Aujourd’hui, le regard sur la douleur se précise de plus en plus et les progrès sont immenses. Mais la prise en compte psychologique reste insuffisante. Une ancestrale culture de la lutte en freine la progression.

De la lutte vers l’écoute

Les équipes antidouleur

La prise en compte de la douleur a donné naissance à des unités mobiles de soins palliatifs apportant, dans les hôpitaux,  leur aide aux patients en fin de vie. Il y a là une grande avancée.

Mais j’ai parfois aussi entendu parler d’équipe antidouleur. Même quand le mot «équipe antidouleur» n’est pas prononcé, l’esprit de lutte reste présent. Comme s’il fallait livrer combat!

Or cette notion de lutte contre la douleur comporte discrètement un piège: Le positionnement contre la douleur n’est pas de même nature qu’un positionnement pour le patient.

Au premier abord la nuance ne semble pas importante. Remarquons cependant que combattre la douleur est une chose, mais que entendre et accompagner le patient en est une autre. Le bon ordre serait d’abord le patient, ensuite sa douleur. D’autant que pour soulager sa douleur il convient de l’avoir d’abord rencontré par la parole ou par l’auscultation (de préférence par les deux).

Avoir trop l’attention sur ce qu’on combat risque de faire oublier celui pour qui on combat. Reprenant le flambeau de la lutte contre le mal en le modernisant en lutte contre la maladie le risque est encore d’oublier l’individu et sa dimension de vie.

La médecine a dû apprendre à lutter contre la maladie. Elle enchaîne sa pratique par une lutte contre la douleur. Elle doit poursuivre jusqu’à s’ouvrir aux patients.

Vers plus de considération

Les médecins sont dans cette dynamique de respect et de considération, mais ils n’ont pas vraiment appris les aspects psychologiques de l’aide et ils sont débordés par trop de travail (souvent plus de cinquante heures par semaines).

Les soignants jouent un rôle majeur car ce sont souvent eux qui ont acquis des notions d’aide ou d’accompagnement. On trouvera aussi des bénévoles formés qui pourront, eux, consacrer plus de temps.

Les soignants ont à leur disposition de plus en plus de possibilités de formations sur l’humanisation de la fin de vie, sur la prise en compte de la douleur, sur l’accompagnement des patients et des familles. Mais eux aussi manquent de temps.

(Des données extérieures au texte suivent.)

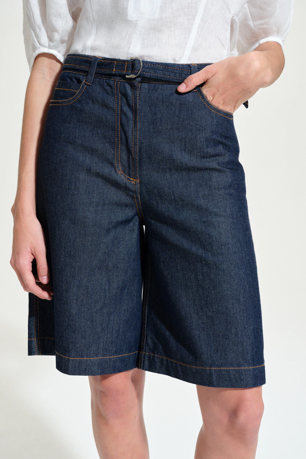 Bermuda de denim azul tiro alto y corte recto amplio. Lleva bolsillos delanteros y traseros. Tiene un cinturón de tela base con hebilla metálica. Combinalo con la batita y la chaqueta Cala para armar el conjunto!

D’autre part, les besoins en personnel sont mal définis dans les soins palliatifs. Combien de médecins, combien d’infirmières, d’aides soignantes, de psychologues et de psychiatres faut il compter, par patient, pour obtenir une qualité de soin satisfaisante? Une fois qu’on le sait, quel budget viendra le financer?… puis quand on a le budget, y a-t-il sur le marché de l’emploi suffisamment de praticiens disponibles pour venir le faire?

Malgré ces insuffisances et ces incertitudes, les équipes de soin se mobilisent de mieux en mieux pour répondre aux besoins du patient qui atteint le seuil de son existence.

Le patient en fin de vie et son entourage sont de moins en moins niés, de plus en plus considérés, de mieux en mieux accompagnés.

Mais d’importants progrès restent à faire.